__Information shown__
════════════════════

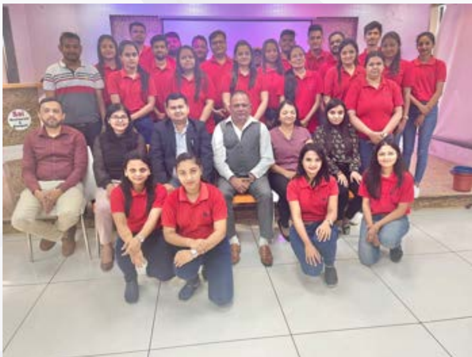
Imparting service mindset in client's team members.
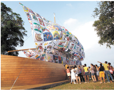
The pictures on the sails of the Ship of Tolerance were painted by Cuban children.

The Ludwig Foundation of Cuba and AFLFC assisted the internationally renowned, Russian-American artists, Ilya and Emilia Kabakov with producing their Ship of Tolerance at the 11th Havana Biennial. This project brought exchanges between American, Russian and Cuban teen-agers with exceptional musical skills whose magnificent performance in a historic church in Old Havana represented an important moment in cultural diplomacy.
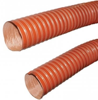
W322A Flame Retardant Dust Hose - Metal or Timber

════════════════════

__What the task asks__
Copy the data above word for word. Pictures stay out.

__Result of the task__
Imparting service mindset in client's team members.
The pictures on the sails of the Ship of Tolerance were painted by Cuban children.

The Ludwig Foundation of Cuba and AFLFC assisted the internationally renowned, Russian-American artists, Ilya and Emilia Kabakov with producing their Ship of Tolerance at the 11th Havana Biennial. This project brought exchanges between American, Russian and Cuban teen-agers with exceptional musical skills whose magnificent performance in a historic church in Old Havana represented an important moment in cultural diplomacy.
W322A Flame Retardant Dust Hose - Metal or Timber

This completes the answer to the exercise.